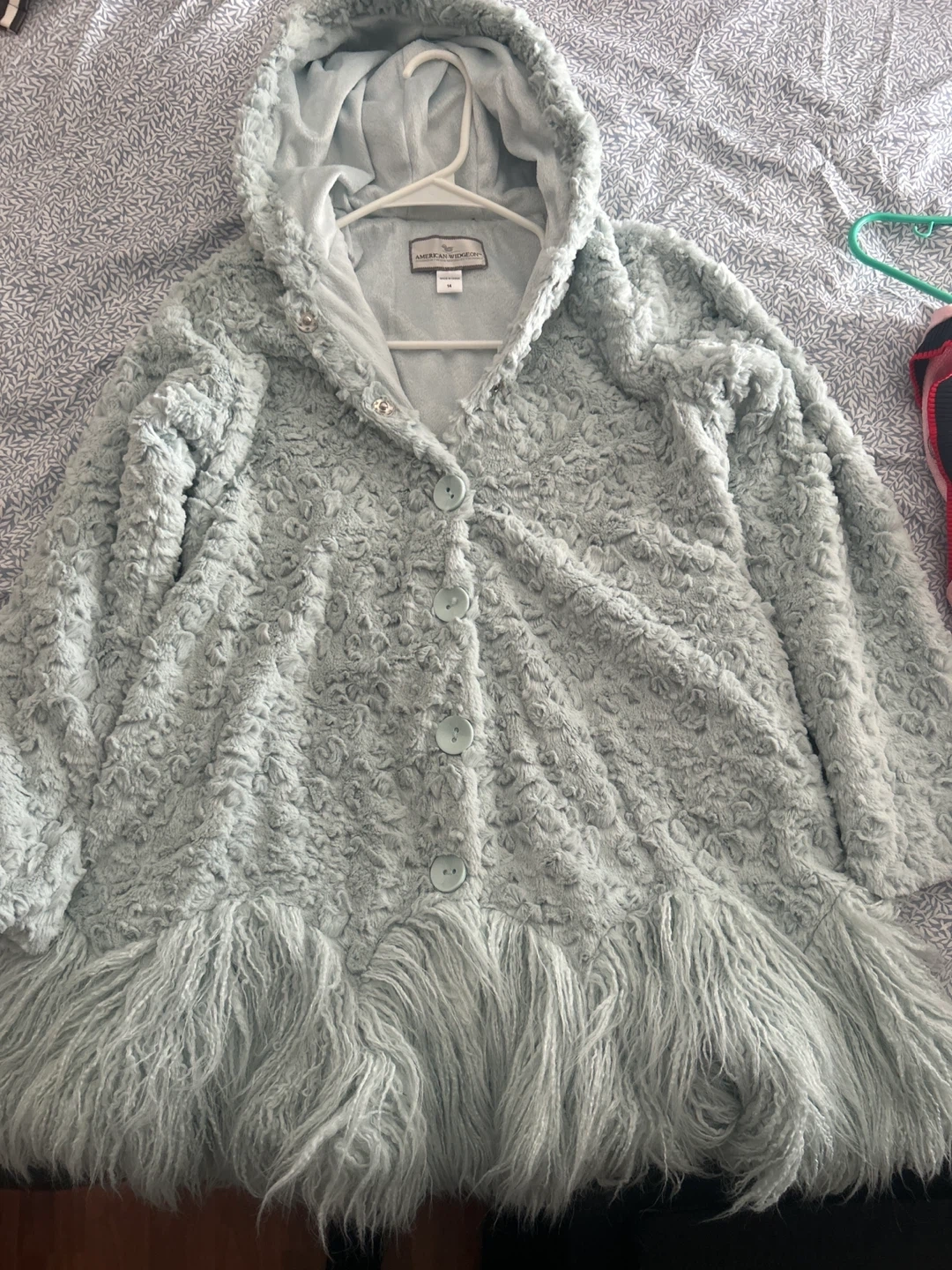 Here's a cozy American Widgeon hooded coat in size M! It features a unique faux fur texture and a button-up front. Perfect for adding a touch of style and warmth to your wardrobe
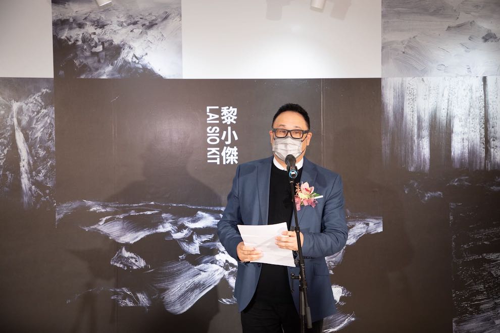 Acrescentou que a presente exposição do artista de Macau, Lai Sio Kit, convidar-nos-á, surpreendentemente, a explorar os interstícios mais profundos da universalidade de Macau. Artista telúrico, carregado das cores monocromáticas de branco e preto, que são paradoxalmente luminosas em casamento a buliçosas cascatas em que se revisitam as águas primaveris. Na pintura de Lai Sio Kit regressa-se mesmo para ficar aos elementos mais primários e prístinos em que se decide a génese do Ser, do Pensar e do Fazer.
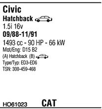 С регулируемым катализатором (3-х ступенчатый); до года вып. - 12/1989; код двигателя - D15B2; тип модели - ED6
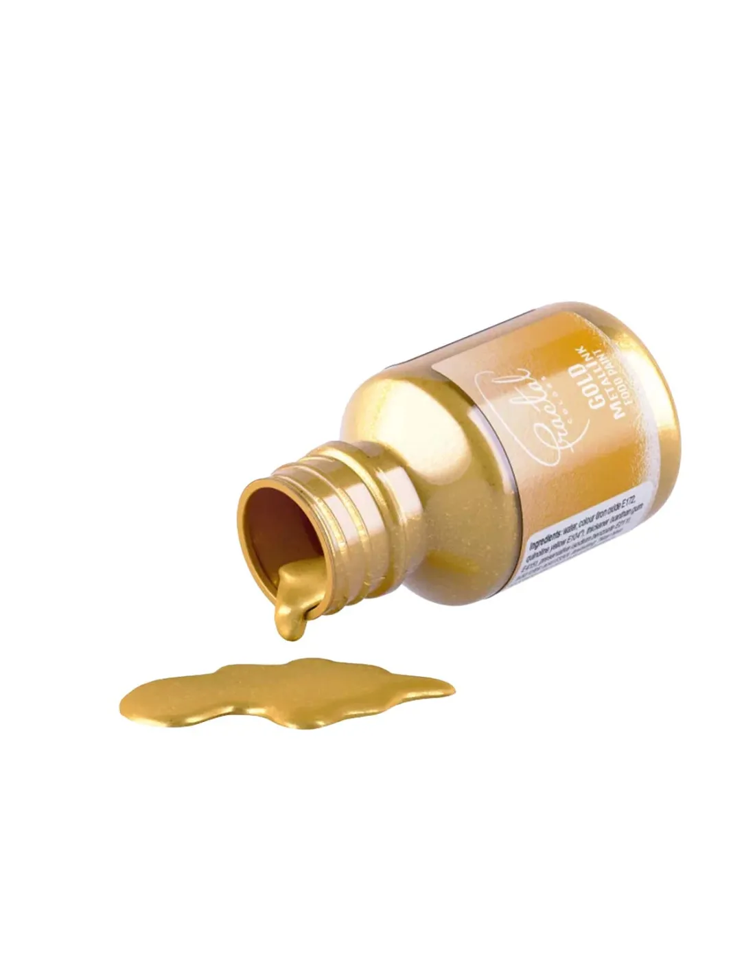 Colorant alimentar auriu lichid | Metallik Food Paint Gold este o vopsea alimentara metalizata, gata de utilizare, conceputa pentru a oferi deserturilor un efect metalic intens si elegant. Formula este deja diluata, astfel incat poate fi aplicata direct din recipient, fara pregatiri suplimentare.
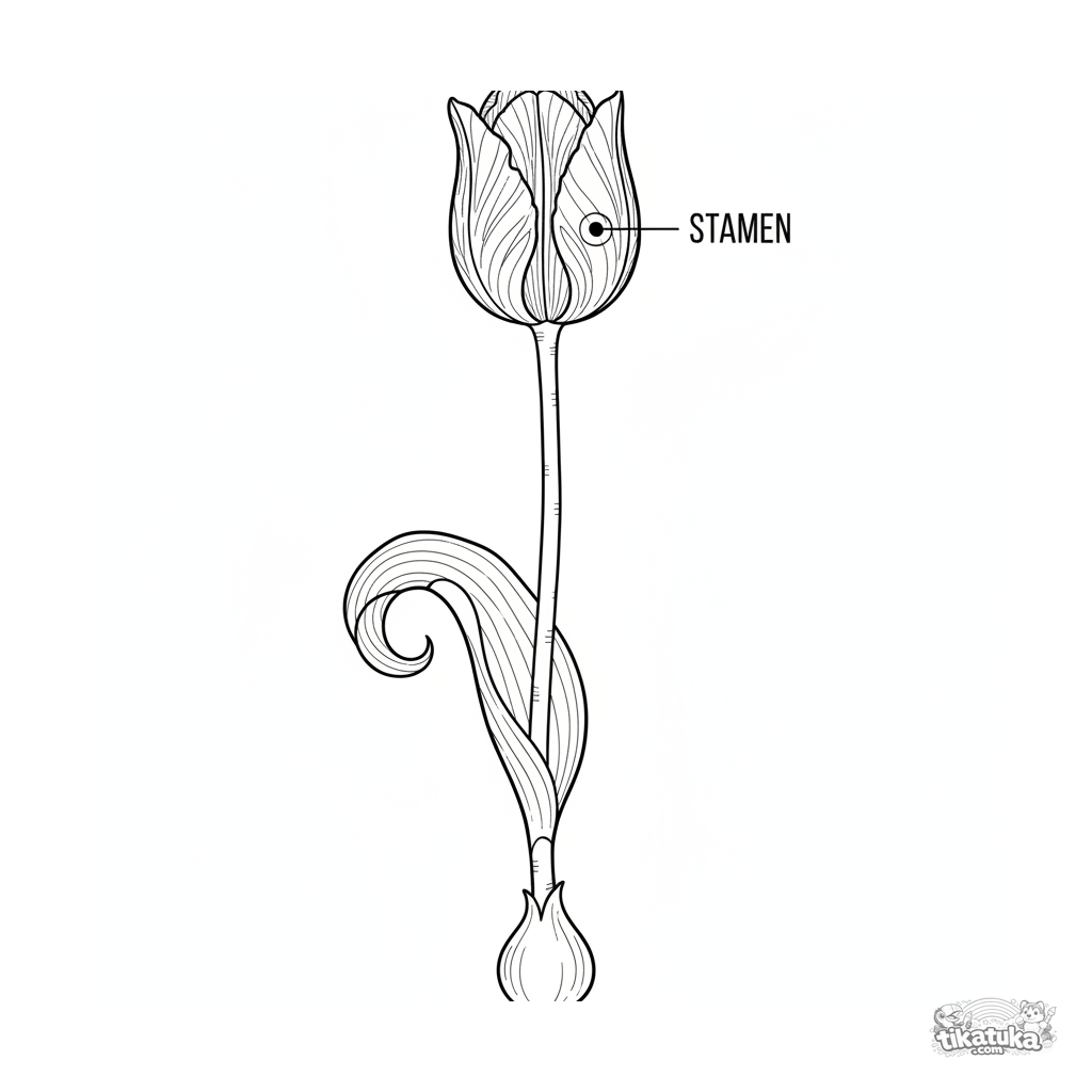 Botanical tulip coloring page for kids 7-9. Detailed petals, stem, leaf, and a small educational label. Clean white background.

◆ TASK TO COMPLETE
Would you write out every record word for word, leaving no picture in?

◆ EXERCISE SOLUTION
 Here's a cozy American Widgeon hooded coat in size M! It features a unique faux fur texture and a button-up front. Perfect for adding a touch of style and warmth to your wardrobe
 Acrescentou que a presente exposição do artista de Macau, Lai Sio Kit, convidar-nos-á, surpreendentemente, a explorar os interstícios mais profundos da universalidade de Macau. Artista telúrico, carregado das cores monocromáticas de branco e preto, que são paradoxalmente luminosas em casamento a buliçosas cascatas em que se revisitam as águas primaveris. Na pintura de Lai Sio Kit regressa-se mesmo para ficar aos elementos mais primários e prístinos em que se decide a génese do Ser, do Pensar e do Fazer.
 С регулируемым катализатором (3-х ступенчатый); до года вып. - 12/1989; код двигателя - D15B2; тип модели - ED6
 Colorant alimentar auriu lichid | Metallik Food Paint Gold este o vopsea alimentara metalizata, gata de utilizare, conceputa pentru a oferi deserturilor un efect metalic intens si elegant. Formula este deja diluata, astfel incat poate fi aplicata direct din recipient, fara pregatiri suplimentare.
 Botanical tulip coloring page for kids 7-9. Detailed petals, stem, leaf, and a small educational label. Clean white background.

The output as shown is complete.